- DIRECTIONS FOR THIS TASK:
Strip the pictures, then copy the remaining data exactly as it stands.

[Opening DATA FOR REVIEW section]

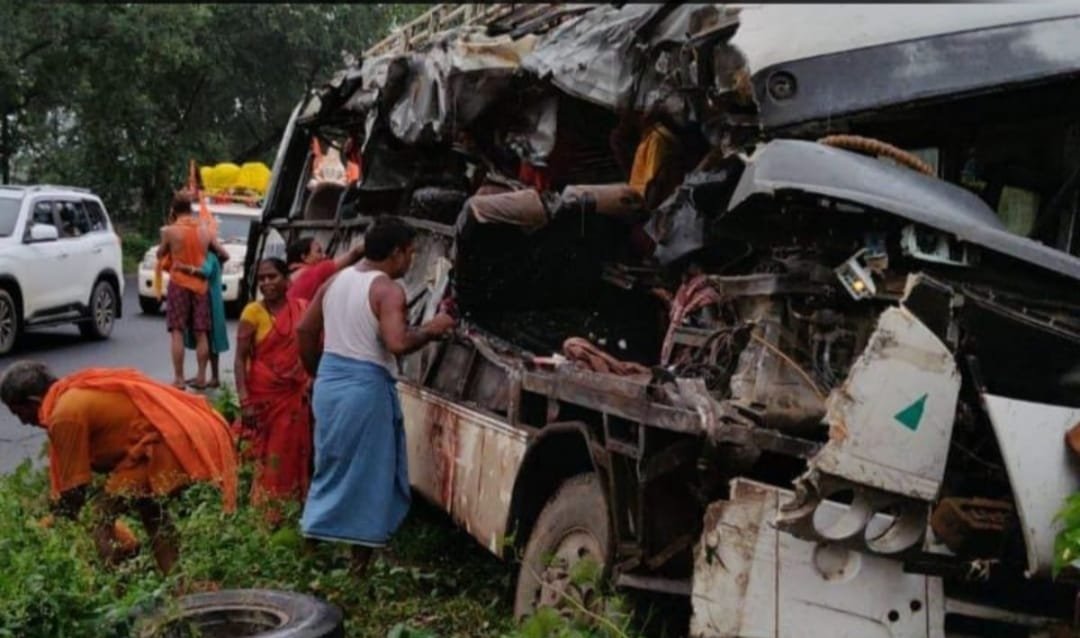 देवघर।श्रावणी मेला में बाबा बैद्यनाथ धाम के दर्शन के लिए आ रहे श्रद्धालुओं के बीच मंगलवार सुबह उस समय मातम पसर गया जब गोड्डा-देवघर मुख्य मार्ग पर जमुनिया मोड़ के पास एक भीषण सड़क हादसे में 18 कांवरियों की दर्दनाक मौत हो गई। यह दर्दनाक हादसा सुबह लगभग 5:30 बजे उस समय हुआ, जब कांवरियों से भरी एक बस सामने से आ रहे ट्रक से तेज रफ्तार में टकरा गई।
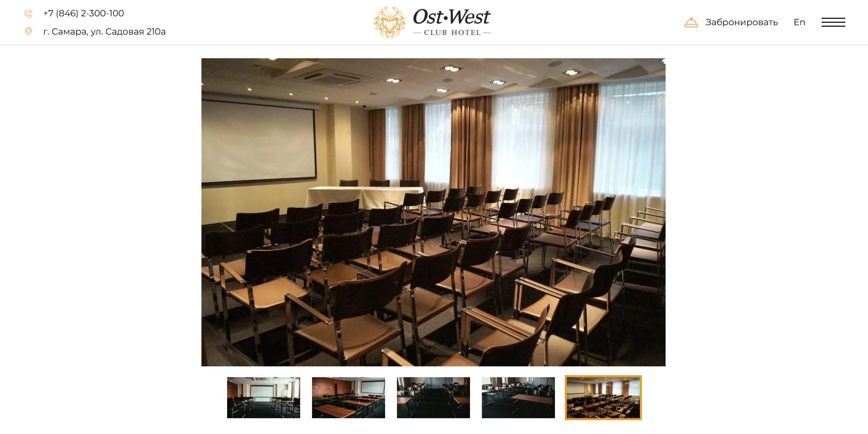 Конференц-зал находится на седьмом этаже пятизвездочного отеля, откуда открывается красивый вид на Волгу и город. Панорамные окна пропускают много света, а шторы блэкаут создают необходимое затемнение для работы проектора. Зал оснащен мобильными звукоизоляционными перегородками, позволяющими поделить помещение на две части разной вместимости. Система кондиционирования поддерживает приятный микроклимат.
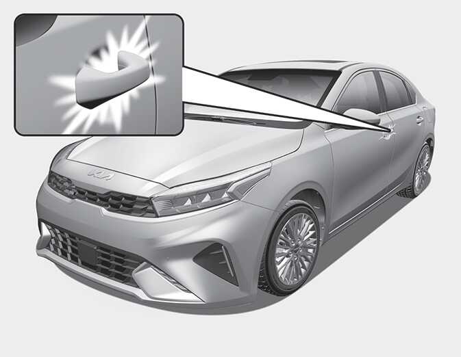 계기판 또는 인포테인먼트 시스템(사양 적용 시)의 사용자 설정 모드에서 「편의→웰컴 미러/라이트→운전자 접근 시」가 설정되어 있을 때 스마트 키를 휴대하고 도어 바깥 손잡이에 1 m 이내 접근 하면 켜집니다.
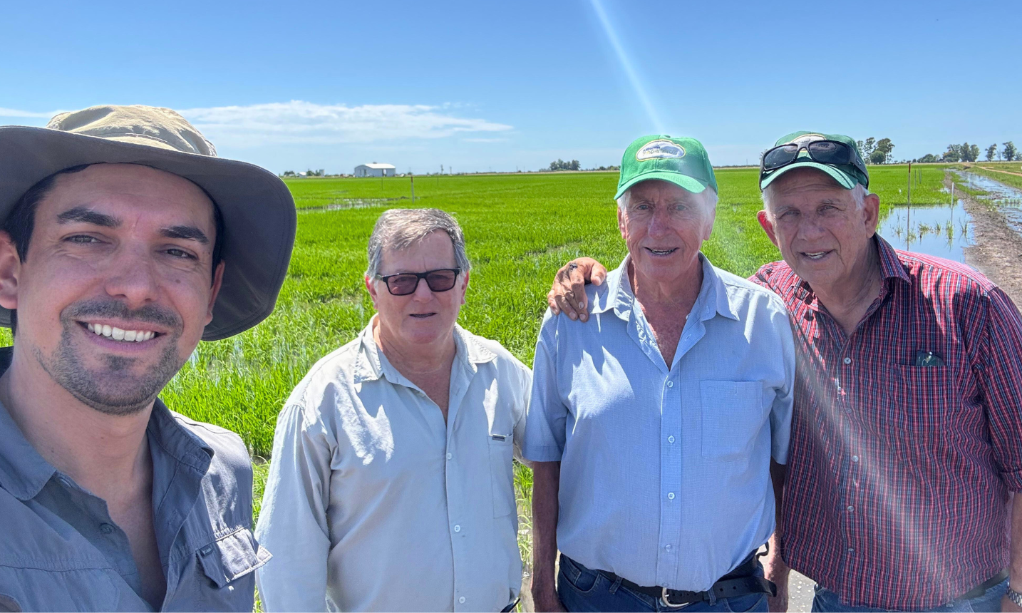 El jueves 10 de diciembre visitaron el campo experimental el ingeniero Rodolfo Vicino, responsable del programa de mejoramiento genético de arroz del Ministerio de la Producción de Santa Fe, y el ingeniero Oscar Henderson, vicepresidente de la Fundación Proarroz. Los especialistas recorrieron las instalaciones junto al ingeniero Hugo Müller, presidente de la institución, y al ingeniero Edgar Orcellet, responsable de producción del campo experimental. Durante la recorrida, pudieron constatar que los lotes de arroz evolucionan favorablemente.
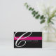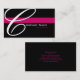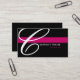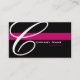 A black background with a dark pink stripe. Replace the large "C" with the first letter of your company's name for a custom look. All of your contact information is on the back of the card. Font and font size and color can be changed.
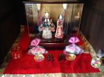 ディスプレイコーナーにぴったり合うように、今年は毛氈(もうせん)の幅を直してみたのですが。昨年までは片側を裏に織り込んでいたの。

[Closing DATA FOR REVIEW section]

- TASK OUTPUT:
 देवघर।श्रावणी मेला में बाबा बैद्यनाथ धाम के दर्शन के लिए आ रहे श्रद्धालुओं के बीच मंगलवार सुबह उस समय मातम पसर गया जब गोड्डा-देवघर मुख्य मार्ग पर जमुनिया मोड़ के पास एक भीषण सड़क हादसे में 18 कांवरियों की दर्दनाक मौत हो गई। यह दर्दनाक हादसा सुबह लगभग 5:30 बजे उस समय हुआ, जब कांवरियों से भरी एक बस सामने से आ रहे ट्रक से तेज रफ्तार में टकरा गई।
 Конференц-зал находится на седьмом этаже пятизвездочного отеля, откуда открывается красивый вид на Волгу и город. Панорамные окна пропускают много света, а шторы блэкаут создают необходимое затемнение для работы проектора. Зал оснащен мобильными звукоизоляционными перегородками, позволяющими поделить помещение на две части разной вместимости. Система кондиционирования поддерживает приятный микроклимат.
 계기판 또는 인포테인먼트 시스템(사양 적용 시)의 사용자 설정 모드에서 「편의→웰컴 미러/라이트→운전자 접근 시」가 설정되어 있을 때 스마트 키를 휴대하고 도어 바깥 손잡이에 1 m 이내 접근 하면 켜집니다.
 El jueves 10 de diciembre visitaron el campo experimental el ingeniero Rodolfo Vicino, responsable del programa de mejoramiento genético de arroz del Ministerio de la Producción de Santa Fe, y el ingeniero Oscar Henderson, vicepresidente de la Fundación Proarroz. Los especialistas recorrieron las instalaciones junto al ingeniero Hugo Müller, presidente de la institución, y al ingeniero Edgar Orcellet, responsable de producción del campo experimental. Durante la recorrida, pudieron constatar que los lotes de arroz evolucionan favorablemente.
 A black background with a dark pink stripe. Replace the large "C" with the first letter of your company's name for a custom look. All of your contact information is on the back of the card. Font and font size and color can be changed.
 ディスプレイコーナーにぴったり合うように、今年は毛氈(もうせん)の幅を直してみたのですが。昨年までは片側を裏に織り込んでいたの。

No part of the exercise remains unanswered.